When you mention the Easter Show to me, two smells come to mind: the smell of ‘farm’ (a weird combination of hay and horse poo) and the smell of deep fried hot dogs on a stick. Both of those smells belonged to objects I had never tasted, the former I was fine with, but the latter was something I was desperate to eat for the first 15 years of my life. When I finally went to the Show sans parents, it was on. I ate a sticked hot dog from every stall I walked past and they tasted like sweet rebellion.

Hot dogs aren’t the only thing with a stick shoved up them at the Royal Easter Show in 2015. In fact, it’s simple to give yourself an on-stick-only degustation, complete with starters, mains, dessert and an amuse bouche of a toffee apple.
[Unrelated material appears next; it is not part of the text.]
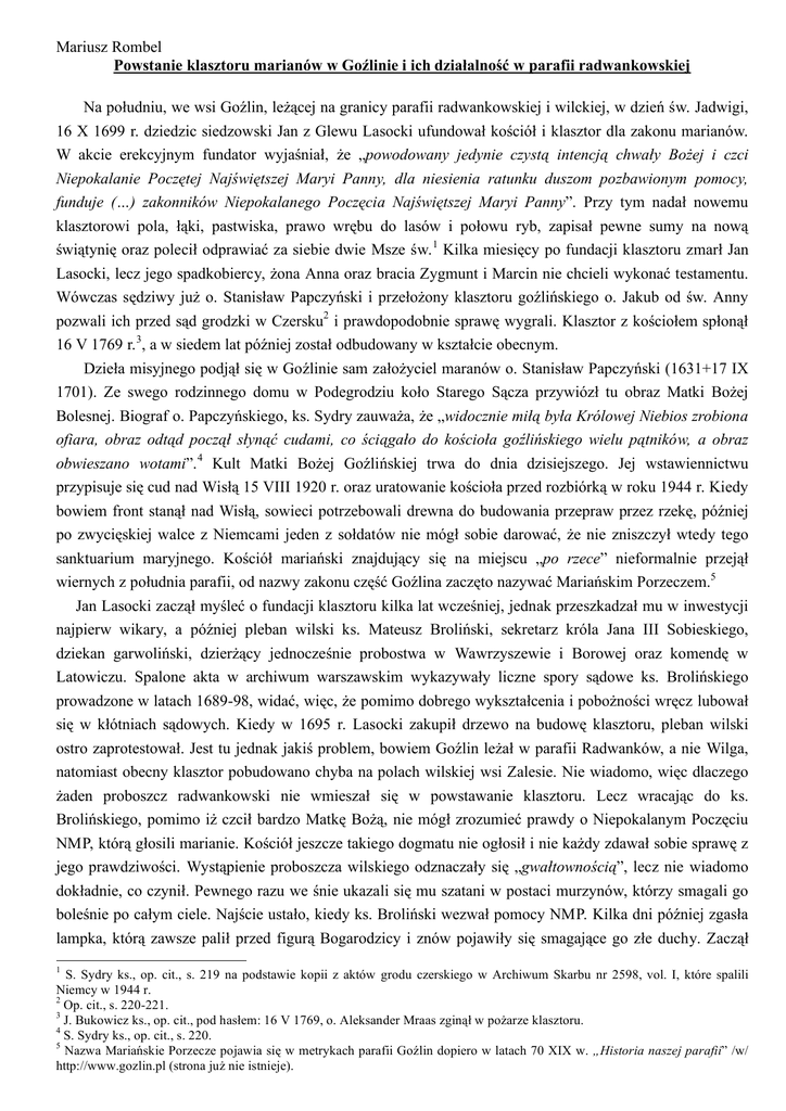 Mariusz Rombel Powstanie klasztoru marianów w Goźlinie i ich działalność w parafii radwankowskiej Na południu, we wsi Goźlin, leżącej na granicy parafii radwankowskiej i wilckiej, w dzień św. Jadwigi, 16 X 1699 r. dziedzic siedzowski Jan z Glewu Lasocki ufundował kościół i klasztor dla zakonu marianów. W akcie erekcyjnym fundator wyjaśniał, że „powodowany jedynie czystą intencją chwały Bożej i czci Niepokalanie Poczętej Najświętszej Maryi Panny, dla niesienia ratunku duszom pozbawionym pomocy, funduje (…) zakonników Niepokalanego Poczęcia Najświętszej Maryi Panny”. Przy tym nadał nowemu klasztorowi pola, łąki, pastwiska, prawo wrębu do lasów i połowu ryb, zapisał pewne sumy na nową świątynię oraz polecił odprawiać za siebie dwie Msze św. 1 Kilka miesięcy po fundacji klasztoru zmarł Jan Lasocki, lecz jego spadkobiercy, żona Anna oraz bracia Zygmunt i Marcin nie chcieli wykonać testamentu. Wówczas sędziwy już o. Stanisław Papczyński i przełożony klasztoru goźlińskiego o. Jakub od św. Anny pozwali ich przed sąd grodzki w Czersku2 i prawdopodobnie sprawę wygrali. Klasztor z kościołem spłonął 16 V 1769 r. 3, a w siedem lat później został odbudowany w kształcie obecnym. Dzieła misyjnego podjął się w Goźlinie sam założyciel maranów o. Stanisław Papczyński (1631+17 IX 1701). Ze swego rodzinnego domu w Podegrodziu koło Starego Sącza przywiózł tu obraz Matki Bożej Bolesnej. Biograf o. Papczyńskiego, ks. Sydry zauważa, że „widocznie miłą była Królowej Niebios zrobiona ofiara, obraz odtąd począł słynąć cudami, co ściągało do kościoła goźlińskiego wielu pątników, a obraz obwieszano wotami”. 4 Kult Matki Bożej Goźlińskiej trwa do dnia dzisiejszego. Jej wstawiennictwu przypisuje się cud nad Wisłą 15 VIII 1920 r. oraz uratowanie kościoła przed rozbiórką w roku 1944 r. Kiedy bowiem front stanął nad Wisłą, sowieci potrzebowali drewna do budowania przepraw przez rzekę, później po zwycięskiej walce z Niemcami jeden z sołdatów nie mógł sobie darować, że nie zniszczył wtedy tego sanktuarium maryjnego. Kościół mariański znajdujący się na miejscu „po rzece” nieformalnie przejął wiernych z południa parafii, od nazwy zakonu część Goźlina zaczęto nazywać Mariańskim Porzeczem.5 Jan Lasocki zaczął myśleć o fundacji klasztoru kilka lat wcześniej, jednak przeszkadzał mu w inwestycji najpierw wikary, a później pleban wilski ks. Mateusz Broliński, sekretarz króla Jana III Sobieskiego, dziekan garwoliński, dzierżący jednocześnie probostwa w Wawrzyszewie i Borowej oraz komendę w Latowiczu. Spalone akta w archiwum warszawskim wykazywały liczne spory sądowe ks. Brolińskiego prowadzone w latach 1689-98, widać, więc, że pomimo dobrego wykształcenia i pobożności wręcz lubował się w kłótniach sądowych. Kiedy w 1695 r. Lasocki zakupił drzewo na budowę klasztoru, pleban wilski ostro zaprotestował. Jest tu jednak jakiś problem, bowiem Goźlin leżał w parafii Radwanków, a nie Wilga, natomiast obecny klasztor pobudowano chyba na polach wilskiej wsi Zalesie. Nie wiadomo, więc dlaczego żaden proboszcz radwankowski nie wmieszał się w powstawanie klasztoru. Lecz wracając do ks. Brolińskiego, pomimo iż czcił bardzo Matkę Bożą, nie mógł zrozumieć prawdy o Niepokalanym Poczęciu NMP, którą głosili marianie. Kościół jeszcze takiego dogmatu nie ogłosił i nie każdy zdawał sobie sprawę z jego prawdziwości. Wystąpienie proboszcza wilskiego odznaczały się „gwałtownością”, lecz nie wiadomo dokładnie, co czynił. Pewnego razu we śnie ukazali się mu szatani w postaci murzynów, którzy smagali go boleśnie po całym ciele. Najście ustało, kiedy ks. Broliński wezwał pomocy NMP. Kilka dni później zgasła lampka, którą zawsze palił przed figurą Bogarodzicy i znów pojawiły się smagające go złe duchy. Zaczął 1 S. Sydry ks., op. cit., s. 219 na podstawie kopii z aktów grodu czerskiego w Archiwum Skarbu nr 2598, vol. I, które spalili Niemcy w 1944 r. 2 Op. cit., s. 220-221. 3 J. Bukowicz ks., op. cit., pod hasłem: 16 V 1769, o. Aleksander Mraas zginął w pożarze klasztoru. 4 S. Sydry ks., op. cit., s. 220. 5 Nazwa Mariańskie Porzecze pojawia się w metrykach parafii Goźlin dopiero w latach 70 XIX w. „Historia naszej parafii” /w/ http://www.gozlin.pl (strona już nie istnieje). wówczas wzywać Maryję i pojawił się anioł, który wyjaśnił, że jest to kara „za napastowanie towarzyszy Maryi”, czyli marianów. Po tym zdarzeniu ks. Broliński zmienił nastawienie do zakonu i dogmatu, a w czasie święta Niepokalanego Poczęcia, 8 XII 1698 r., wygłosił w budowanym kościele goźlińskim pamiętne kazanie. Rozpoczął je słowami z Ewangelii: „De qua natus est Jesus (z której narodził się Jezus)” oraz apostrofą: „Wielowładna na cały świat Monarchini i Panno”. Zakończył zaś zobowiązaniem, że „Twoje Niepokalane Poczęcie rozkrzewiać będziemy i jego bronić i życiem samym pieczętować gotowi będziemy. Amen.” Kazanie to wraz z wszystkimi cudownymi okolicznościami swego nawrócenia spisał i przekazał do archiwum mariańskiego, chciał też wydać je drukiem, lecz brakuje informacji czy mu się to udało. „Zwycięstwo, odniesione nad owym kapłanem, w przekonaniu ówczesnych marianów, przypisywano modlitwom o. Stanisława.”6 Kilka lat po fundacji, kiedy jeden z ekonomów z Goźlina, o nazwisku Karpiński, szykanował marianów, aby oddali mu ziemię, miejscowa ludność ostrzegała go: „Źle pan ekonom chce postąpić. Żeby mu się nie przytrafiło to samo, co i księdzu”.7 Zakon marianów, czyli Zgromadzenie Niepokalanego Poczęcia NMP założył o. Papczyński w 1673 r. w Puszczy Korabiewskiej koło Skierniewic, potem doszedł do tego klasztor w Górze Kalwarii i Skórcu. Celem zakonu było głoszenie czci dla Maryi, pomoc dla dusz czyśćcowych umieraj

Here’s a small sample of the sticks on offer at this year’s Show:

Hot Dog on a Stick

Call it a Pluto Pup, a Dagwood Dog, a corn dog – if you were to eat one from every seller this year you’d have over 30 of them in your stomach plus two to three tapeworms. I choose to eat my sticked hot dogs from The Original Cheese on a Stick, who only serve dagwood dogs and cheese on a stick, deep frying them to order. Never get one from the spots with over 20 things on their menu, those dogs have been sitting soggily for a good 6 hours and even the longest re-dunk in the deep fryer won’t kill the ebola that’s been festering inside them.

Cheese on a Stick

It’s a scientific miracle! A long cylinder of battered cheese with a stick in its bum. The cheese is completely tasteless, so what you get is a stick of batter that tastes like all the hot dogs that’s it’s shared the oil with.

Chips on a Stick

One of the greatest things to happen to festival food in the last decade is also prominent at The Easter Show. A sprialled potato, lightly battered, deep fried and coated with a vaguely flavoured salt. Break a circle of potato off one by one or eat the whole thing like a corn on the cob.

Cake on a Stick

The newest stick to the Show is a deep fried ribbon of cake batter. It looks like shit and tastes like an unemployed doughnut.

Waffle on a Stick

Nothing special here. A long waffle, which is actually pretty easy to eat with your hands, is made slightly harder to eat by being stuck upon a stick. Some spots were selling these with some cool toppings though.

Waffle Dog

Instead of eating a delicious deep fried Dagwood Dog, these jerks decided to encase a frankfurt in a waffle stick. It’s only good if you get a fresh one! Otherwise you’ve got a floppy warm frank in a soggy shit cake.

Choc dipped banana

There’s always money in the banana stand.

Choc dipped strawberries

These lose points for not being deep fried in any way but they’re almost the Easter Show’s take on a salad so eat a few of these when your stomach starts to hurt. The sprinkles will make you feel better.

Oreo on a Stick

An Oreo, covered in chocolate, on a stick. The stick is as redundant as covering something that already tastes like chocolate with chocolate.

Nutella on a Stick

Surprisingly, this is not just a paddle pop stick that’s been dipped in a jar of Nutella, rather it’s a waffle filled with Nutella on a stick. Sold from the Italian spot that was playing a playlist of songs that they had found on YouTube by searching “Italian music”.

END VERDICT: These ten things on sticks went downhill after the Dagwood Dog. You could sample all that the sticked food world has to offer, or you could just eat ten Dagwood’s and puke in a Bertie Beetle Bag for just two extra bucks. Best Easter Show ever!